I really don't understand what is going on during this copy step or  
why it is taking so long. The files are small and they're all inside  
of amazon's network. Can you guys help me out?

Josh F.

Re: Job Speed

Posted by jason hadoop <ja...@gmail.com>.

I just realized this was a hive question, I have no experience with Hive, so
my advice is probably incorrect.

On Tue, Jan 27, 2009 at 8:13 AM, jason hadoop <ja...@gmail.com>wrote:

> It is not clear to me fromyour email if you have the number of map tasks
> per machine set to > 1, or if you are attempting to us a multi-threaded
> mapper.
>
> How many tasks does the system split your job into? and how many execute at
> once.
> It is a first guess that you are getting 300 map tasks, and each runs for a
> small number of seconds, and most of that time is probably the task setup
> time.
>
> As a first try, you could try packing your 300 small files into as many
> files as you have simultaneous task execution slots and adjust the input
> split size (probably not necessary) to ensure there is no further splitting.
>
> The reduces all essentially stall until all of the map tasks are done, so
> the reduce copy speed is a misleading value.
>
>
> On Mon, Jan 26, 2009 at 11:27 PM, Josh Ferguson <jo...@besquared.net>wrote:
>
>> So I have a table with roughly 145,000 records spread across 300 files.
>> The total size is about 7MB. Right now I'm running one job tracker and one
>> task tracker which is a high cpu amazon box (1.7 Gbits of RAM, ~ 4 cores). I
>> run the following query:
>> SELECT COUNT(DISTINCT(activities.actor_id)) FROM activities;
>>
>> And it takes about 35 minutes to finish. One of my problems is that I
>> can't get my task tracker to process more than one map at a time even though
>> it has a higher number of maximum map tasks. But even that is relatively
>> fast compared to the reduce which takes about 30 minutes by itself. The
>> status of the task is:
>>
>> reduce > copy (225 of 344 at 0.01 MB/s) >
>>
>> I really don't understand what is going on during this copy step or why it
>> is taking so long. The files are small and they're all inside of amazon's
>> network. Can you guys help me out?
>>
>> Josh F.
>>
>
>

Re: Job Speed

Posted by jason hadoop <ja...@gmail.com>.

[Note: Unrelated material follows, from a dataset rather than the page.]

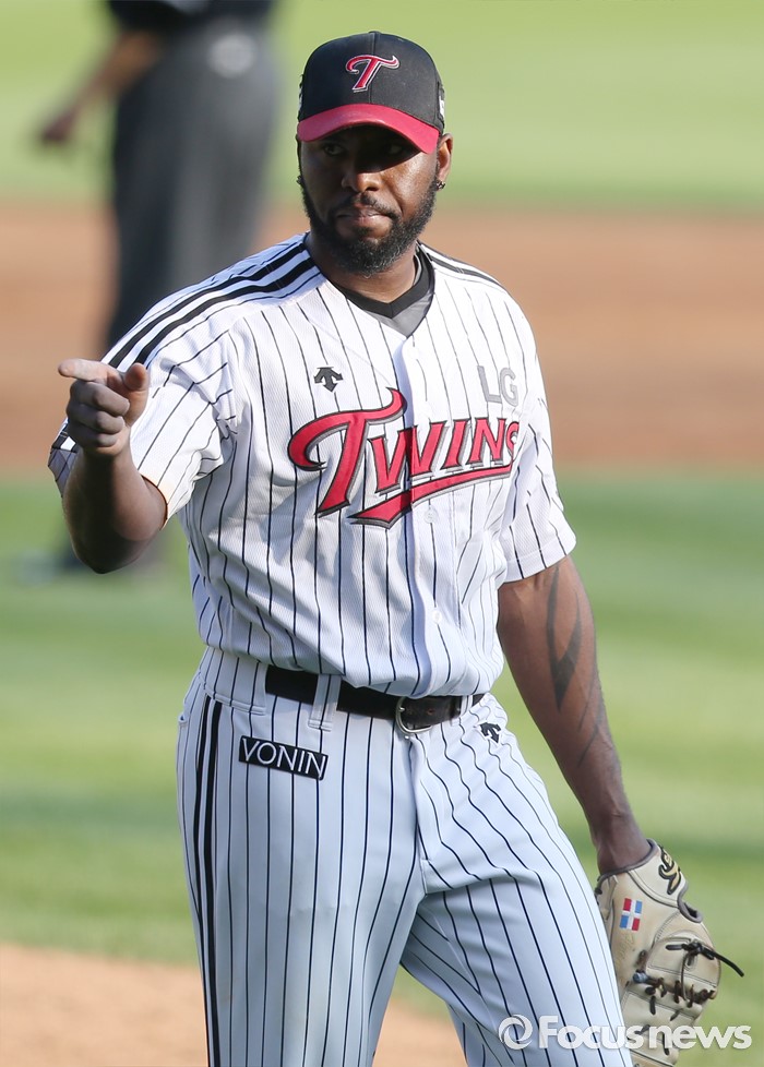 (서울=포커스뉴스) 19일 서울 잠실구장에서 열린 2016 프로야구 KIA-LG 경기에서 LG 투수 소사가 3회 수비를 마치고 나오며 포수 정상호를 향해 격려의 손짓을 하고 있다.

It is not clear to me fromyour email if you have the number of map tasks per
machine set to > 1, or if you are attempting to us a multi-threaded mapper.

How many tasks does the system split your job into? and how many execute at
once.
It is a first guess that you are getting 300 map tasks, and each runs for a
small number of seconds, and most of that time is probably the task setup
time.

As a first try, you could try packing your 300 small files into as many
files as you have simultaneous task execution slots and adjust the input
split size (probably not necessary) to ensure there is no further splitting.

The reduces all essentially stall until all of the map tasks are done, so
the reduce copy speed is a misleading value.

On Mon, Jan 26, 2009 at 11:27 PM, Josh Ferguson <jo...@besquared.net> wrote:

> So I have a table with roughly 145,000 records spread across 300 files. The
> total size is about 7MB. Right now I'm running one job tracker and one task
> tracker which is a high cpu amazon box (1.7 Gbits of RAM, ~ 4 cores). I run
> the following query:
> SELECT COUNT(DISTINCT(activities.actor_id)) FROM activities;
>
> And it takes about 35 minutes to finish. One of my problems is that I can't
> get my task tracker to process more than one map at a time even though it
> has a higher number of maximum map tasks. But even that is relatively fast
> compared to the reduce which takes about 30 minutes by itself. The status of
> the task is:
>
> reduce > copy (225 of 344 at 0.01 MB/s) >
>
> I really don't understand what is going on during this copy step or why it
> is taking so long. The files are small and they're all inside of amazon's
> network. Can you guys help me out?
>
> Josh F.
>

Re: Job Speed

Posted by Josh Ferguson <jo...@besquared.net>.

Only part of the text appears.